▶ [EXERCISE OBJECTIVE]
Repeat exactly the lines of the material below that run from the "大量アクセスでサーバーをダウンさせ、 業務を完全停止 。ECサイトは直接的な売上損失。復旧後も風評被害が長期化。" line to the "黑龍江紅興隆農墾鑫谷泰糧油貿易有限公司糧儲倉房過道板項目招標公告" line, including both, and do not carry over any pictures.

▶ [RAW DATA]
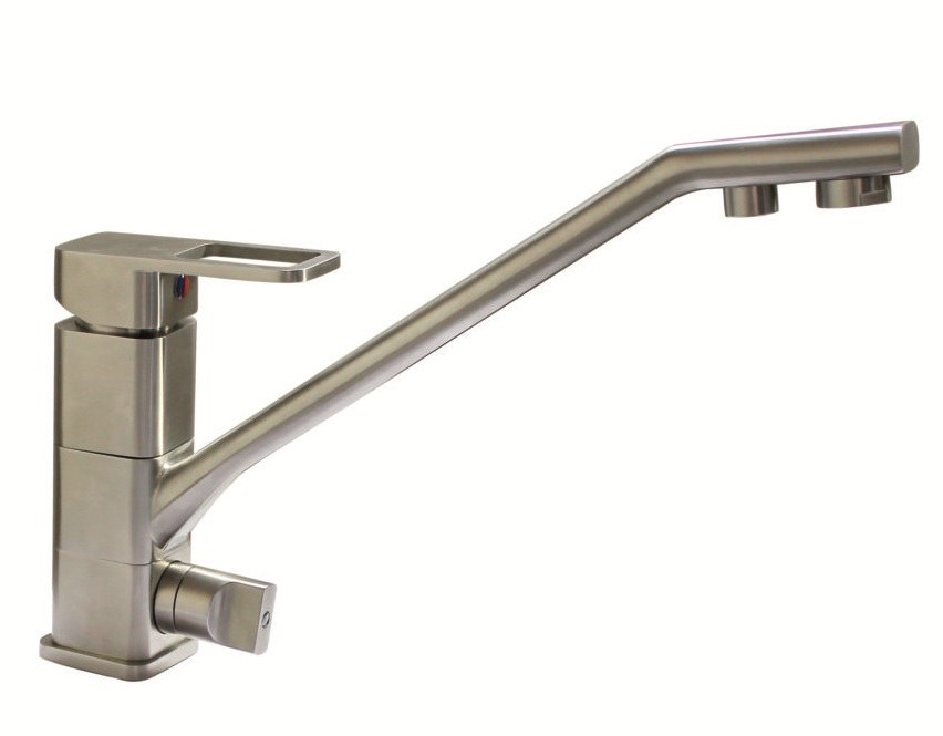 Смеситель предназначен для вывода очищенной воды из фильтра обратного осмоса или проточной системы фильтрации. Устанавливается на кухонную мойку рядом с основным смесителем. Компактный корпус из нержавеющей стали серии InoX не занимает много места и легко вписывается в современный интерьер кухни.
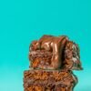 Massa de pão de mel molhadinha recheada com doce de leite e coberto com chocolate.
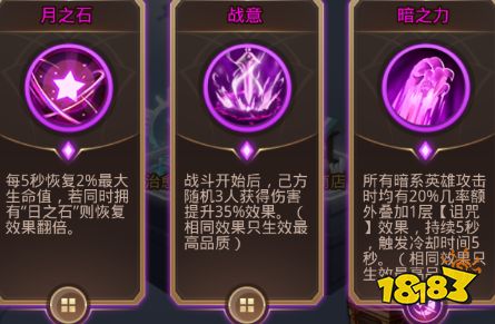 2、若选择阵容一,可以选刺法类和暗系buff,因为是纯暗队且法师偏多,还有凯特琳这样的刺客进行输出。
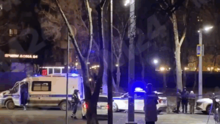 Πλάνα που μεταδόθηκαν από τη ρωσική τηλεόραση δείχνουν την περιοχή να έχει αποκλειστεί από αστυνομικές δυνάμεις.
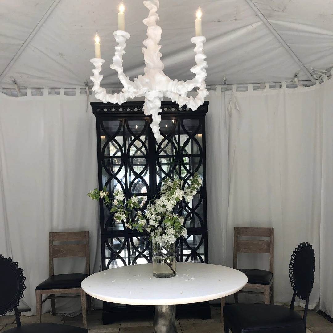 Create a chic ambiance while delivering a luxe touch to a room with the Klemm Chandelier in Frost White from Oly Studio. This striking chandelier is crafted from the frost white resin and designed with a unique shape. The Klemm makes a dramatic statement in entryways, dining rooms, and living spaces alike.
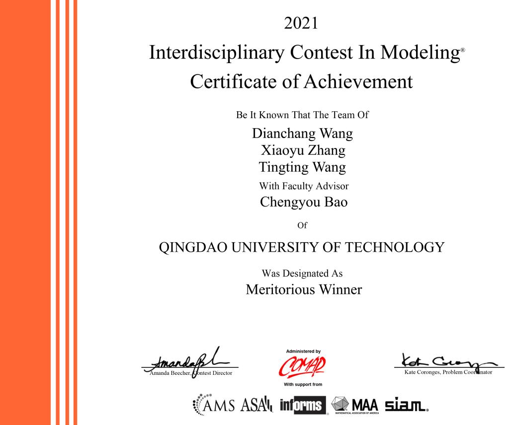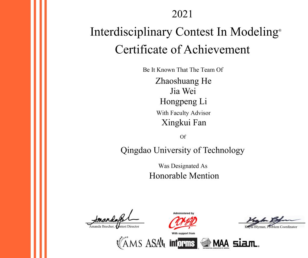 4月24日,2021年美国国际大学生数学建模竞赛(MCM/ICM)成绩揭晓,365完美学子收获颇丰,在理学院数学建模指导组的指导下,有48支参赛队喜获佳绩:其中获得美赛一等奖(Meritorious Winner)1项、美赛二等奖 (Honorable Mention)14项、美赛三等奖(Successfully Participation)33项!
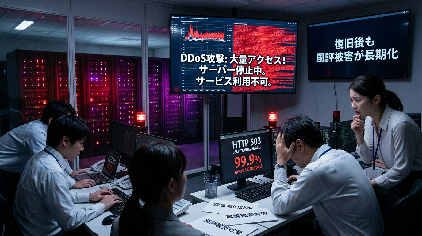 大量アクセスでサーバーをダウンさせ、 業務を完全停止 。ECサイトは直接的な売上損失。復旧後も風評被害が長期化。
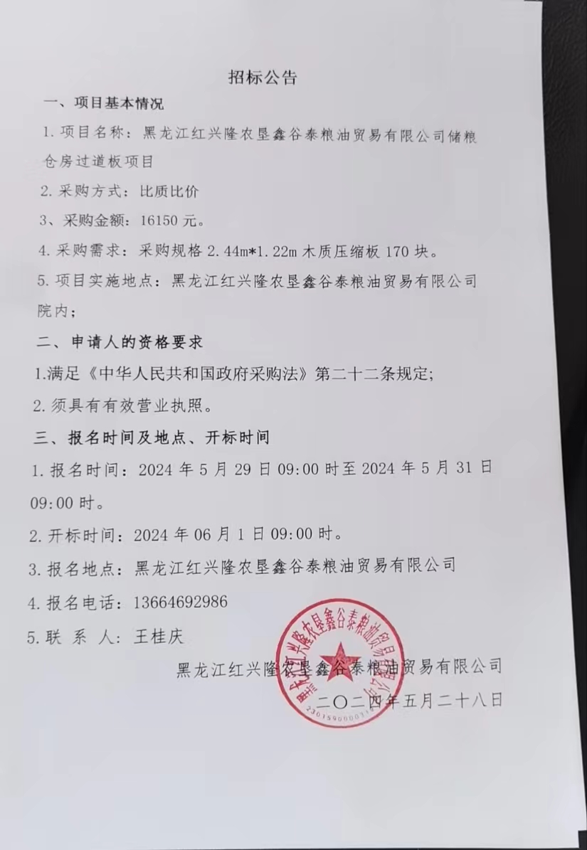 黑龍江紅興隆農墾鑫谷泰糧油貿易有限公司糧儲倉房過道板項目招標公告
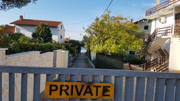 Byt se nachází v klidné lokalitě, 40m od pláže. Má rozlohu 140m2 se 3 ložnicemi, 1,5 koupelnou, kuchyní, obývacím pokojem a dvěma terasami s výhledem na moře. Je to skvělé pro velké rodiny nebo 2 rodiny, kterým nevadí žít společně a chtějí trochu ušetřit. Je také skvělé pro mladé páry, které se chtějí dobře bavit. Je dostatečně pohodlný pro 10 lidí. Pokud jich potřebuje přijít více, je možné cokoli :) Byt se nachází v horním patře domu na obrázku, takže je nádherný výhled. Apartmán je vybaven: TV, satelitem, DVD přehrávačem, klimatizací v každém pokoji, myčkou a pračkou. V bytě je také zdarma k dispozici Wi-Fi. Na zahradě je gril a stůl na stolní tenis. Parkování je možné ve dvoře. Nežijeme v domě, takže budete většinou sami. :)
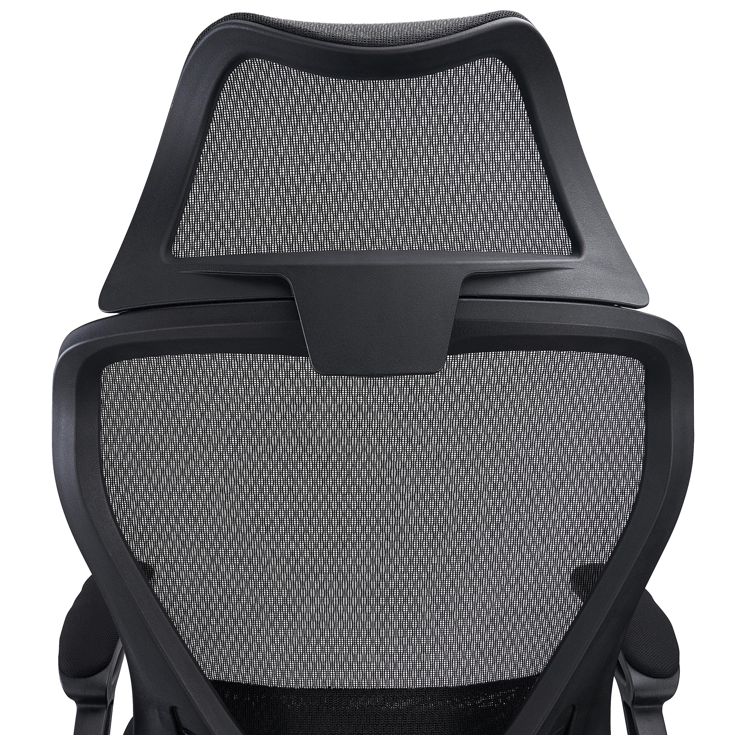 Lo más destacable de su respaldo es el soporte lumbar integrado. Gracias a la malla transpirable y su flexibilidad la silla se adapta totalmente a tu espalda. En este caso estamos ante la versión con reposacabezas, integrado con el diseño del respaldo, actuando incluso como prolongación del mismo.
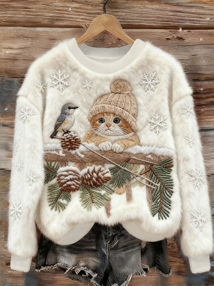 Women's Vintage Christmas Cat Printed Flannel Sweatshirt
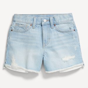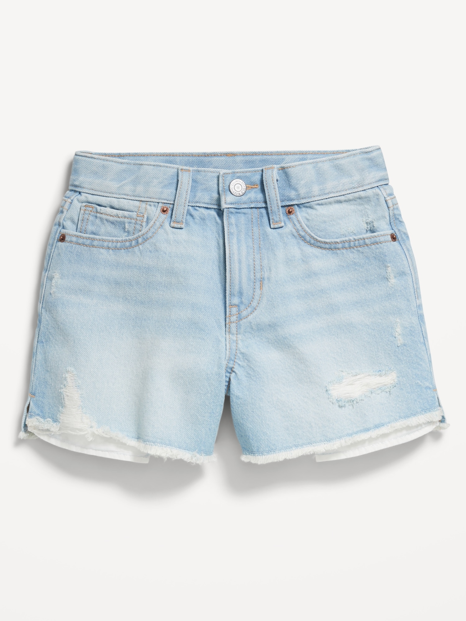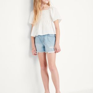 High-Waisted Ripped Frayed-Hem Jean Shorts for Girls
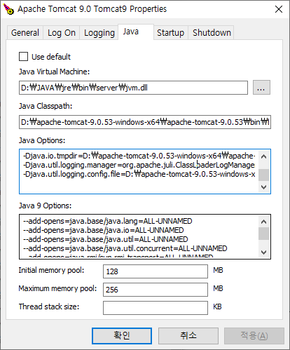 tomcat/bin/tomcat9 파일을 시작하면 상단 탭에 java를 클릭하여 자바에 대한 설정을 변경할수가 있다.
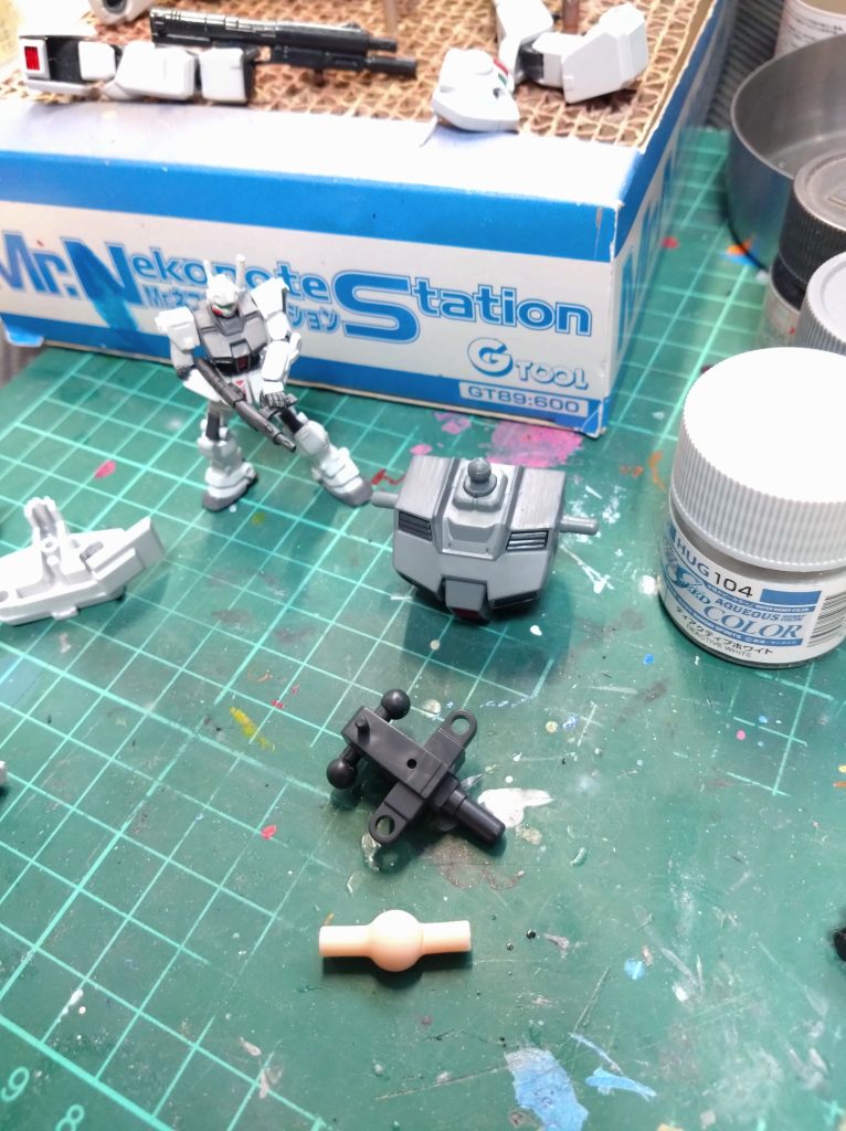 しかし急な思い付きだけに上半身の中に可動パーツを隠したいのですが可動部分の丸い部分が上半身に当たるのでリューターで少しずつ削っては位置合わせを繰り返し…。
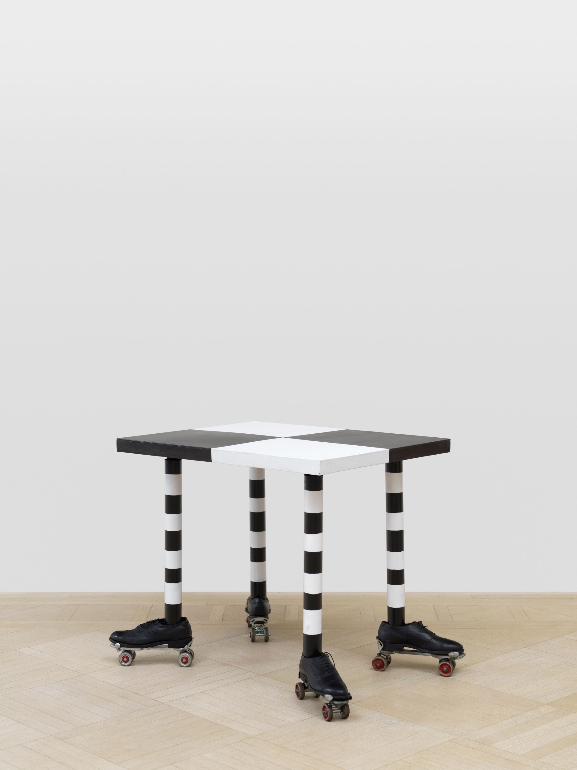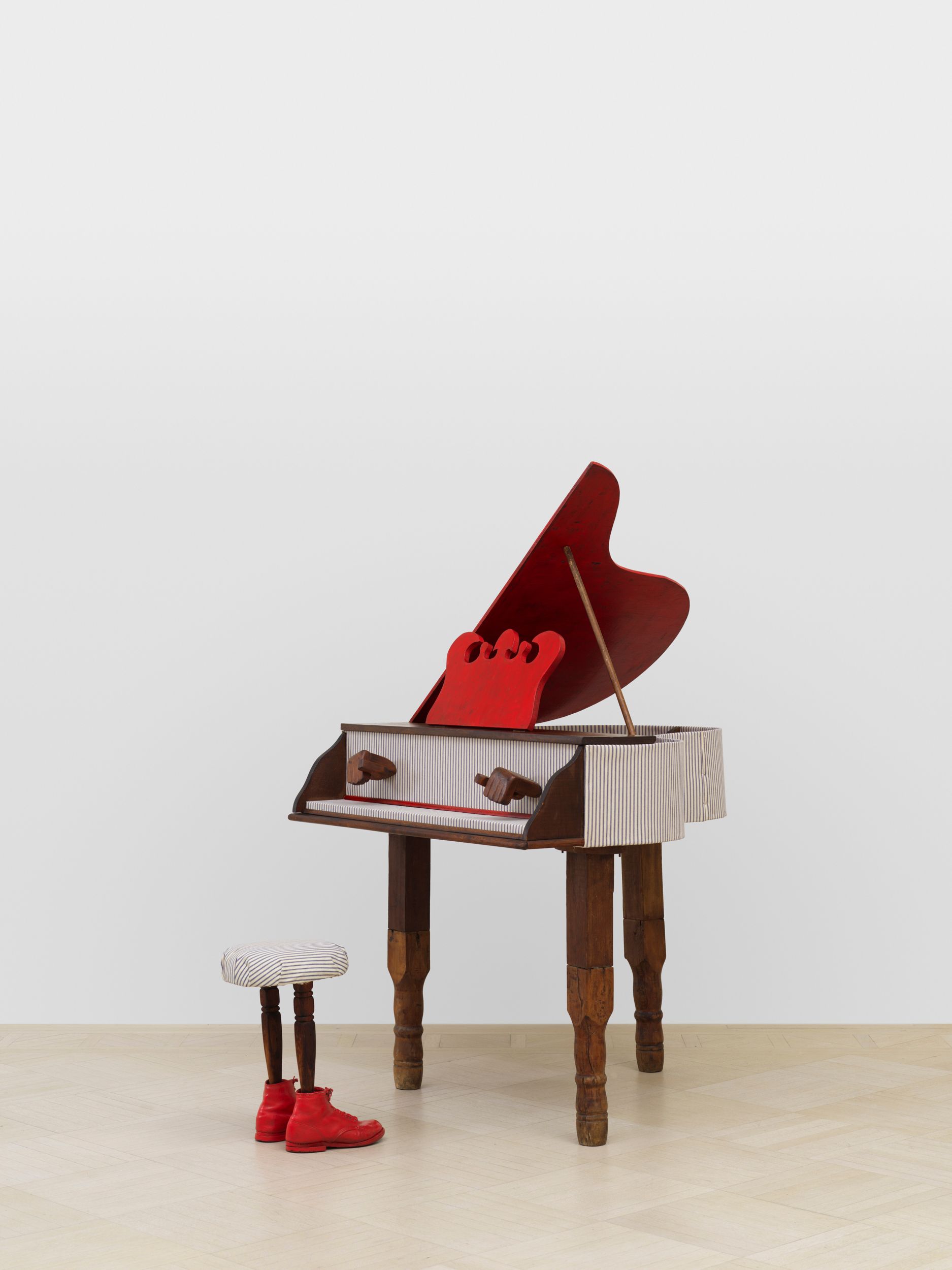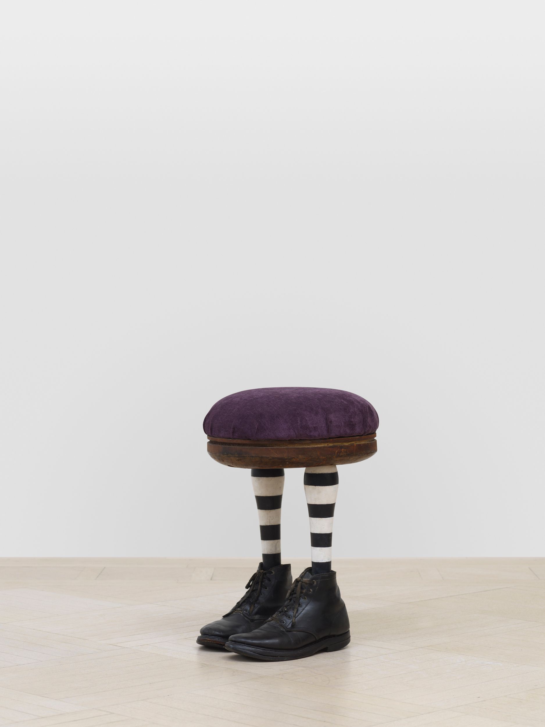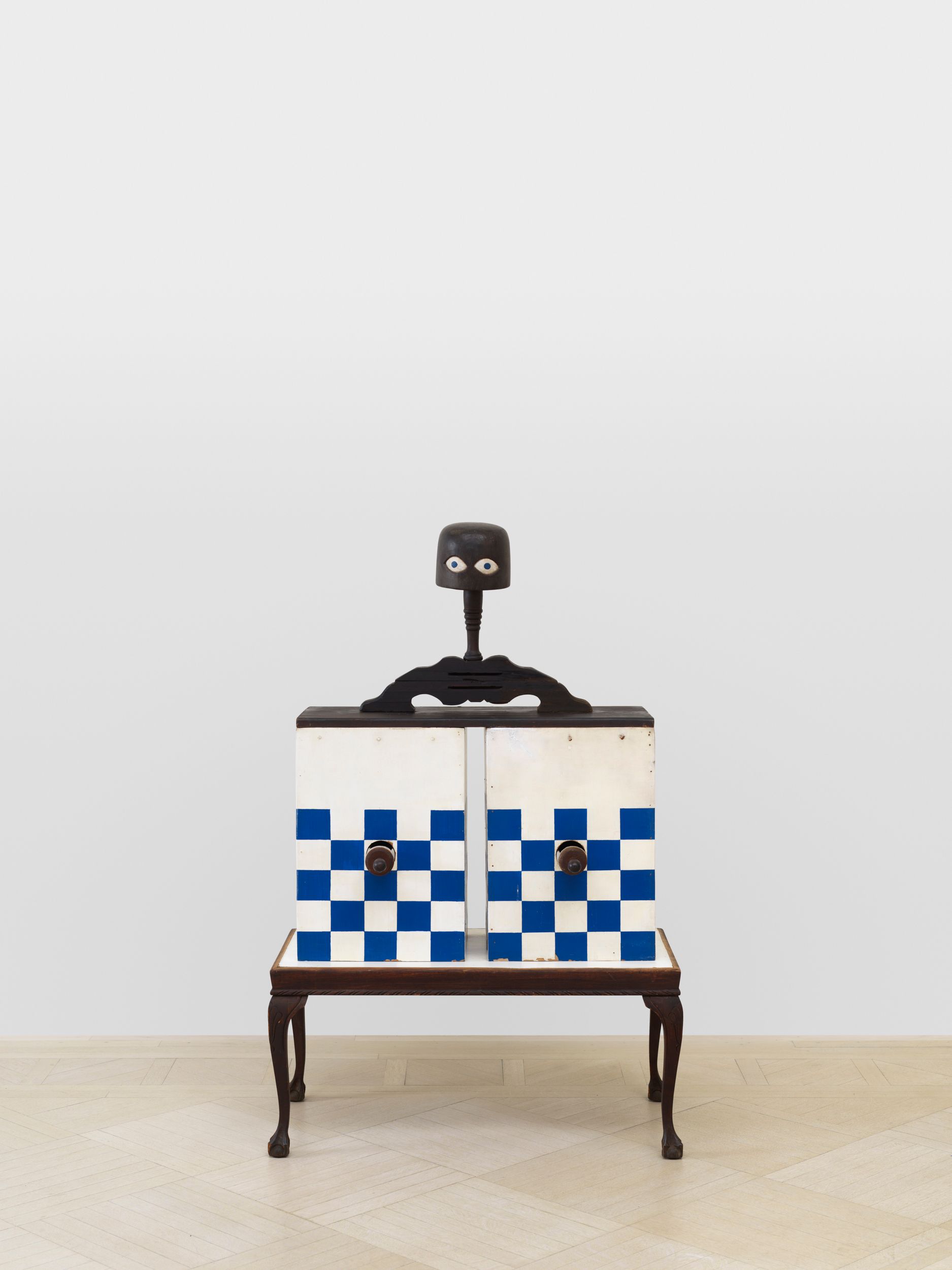 Assembled together for the first time in 50 years, Millett’s Fantasy Furniture works are hand-carved of wood, upholstered in mattress ticking and combined with found objects into anthropomorphic sculptures resembling domestic furniture; Chair, 1965 stands on two feet; Blue Eyed Marble Box, 1965, a cabinet of curiosities, peers out from a head with two blue eyes; Bed, 1965 with two sets of legs and heads protruding, suggesting a scene of two resting partners.

▶ [TASK RESULT]
 大量アクセスでサーバーをダウンさせ、 業務を完全停止 。ECサイトは直接的な売上損失。復旧後も風評被害が長期化。
 黑龍江紅興隆農墾鑫谷泰糧油貿易有限公司糧儲倉房過道板項目招標公告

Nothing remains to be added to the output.